A tight perimeter also means you can relax oversight. Claude Code’s reference devcontainer exists precisely so that the agent can run unattended, without per-action approvals. 严密的边界也意味着可以放宽监督。Claude Code 的参考开发容器(devcontainer)的存在,正是为了让智能体能够在无人值守的情况下运行,而无需对每项操作进行批准。

  1. The model the agent consults. The mechanisms here include system prompts, classifiers, probes, and training modifications. Because models are probabilistic, these shape only what the agent tends to do, not what it is theoretically capable of doing.
  2. 智能体咨询的模型。 这里的机制包括系统提示词、分类器、探测器和训练修改。由于模型具有概率性,这些机制只能塑造智能体“倾向于”做什么,而不是它“理论上能够”做什么。

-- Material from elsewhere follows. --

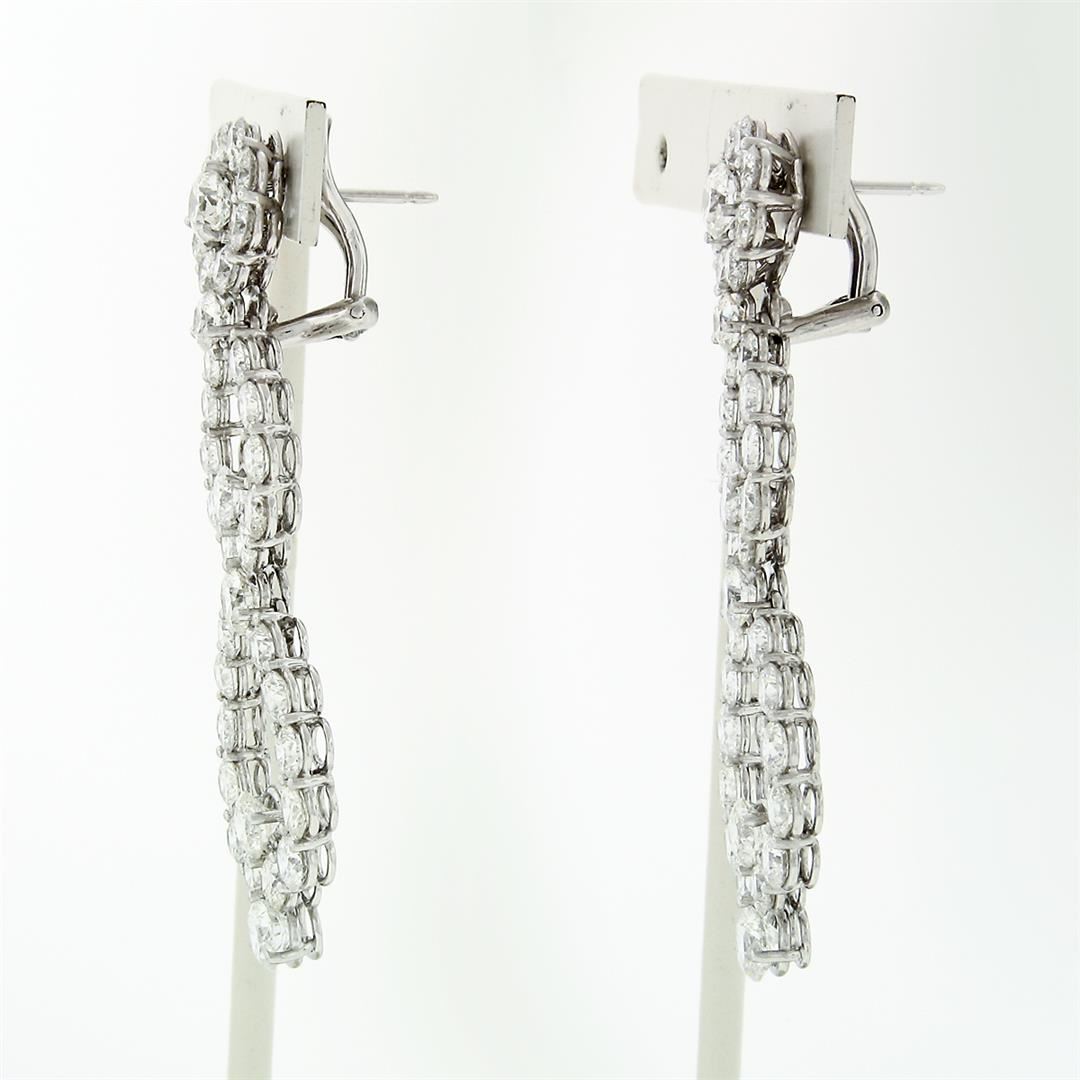 A pair of solid platinum long dangle drop earrings, with 72 round brilliant cut natural diamonds (G/H - VVS2/VS1; 14.92ctw). The earrings measure approximately 55.5x17.7mm and weigh a total of 21.47 grams.

These defenses are strong. On Gray Swan’s Agent Red Teaming benchmark, which tests susceptibility to prompt injection, Claude Opus 4.7 holds attack success to roughly 0.1% on single attempts, and around 5–6% after 100 adaptive attempts. Claude Code auto mode catches roughly 83% of overeager behaviors before they execute. Yet even with best-in-class defenses, protection in the model layer will never be 100% effective, which is why it can’t stand alone. 这些防御措施非常强大。在测试提示词注入敏感度的 Gray Swan 智能体红队基准测试中,Claude Opus 4.7 在单次尝试中的攻击成功率保持在约 0.1%,在 100 次自适应尝试后约为 5-6%。Claude Code 自动模式可以在执行前捕获约 83% 的过度激进行为。然而,即使拥有顶级的防御措施,模型层的保护也永远无法达到 100% 的有效性,这就是为什么它不能单独存在的原因。

  1. The external content the agent can reach. MCP servers, third-party plugins, and web search tools all feed content into the agent’s context from sources you don’t control. An audited connector isn’t the same as audited data—a GitHub connector, for instance, can load a poisoned README straight into the model’s context despite passing malware checks. Granularly limiting tool permissions can help limit the blast radius.
  2. 智能体可以触及的外部内容。 MCP 服务器、第三方插件和网络搜索工具都会将你无法控制的来源内容输入到智能体的上下文中。经过审计的连接器并不等同于经过审计的数据——例如,即使通过了恶意软件检查,GitHub 连接器仍可能将带有毒性的 README 文件直接加载到模型的上下文中。对工具权限进行细粒度限制有助于缩小“爆炸半径”。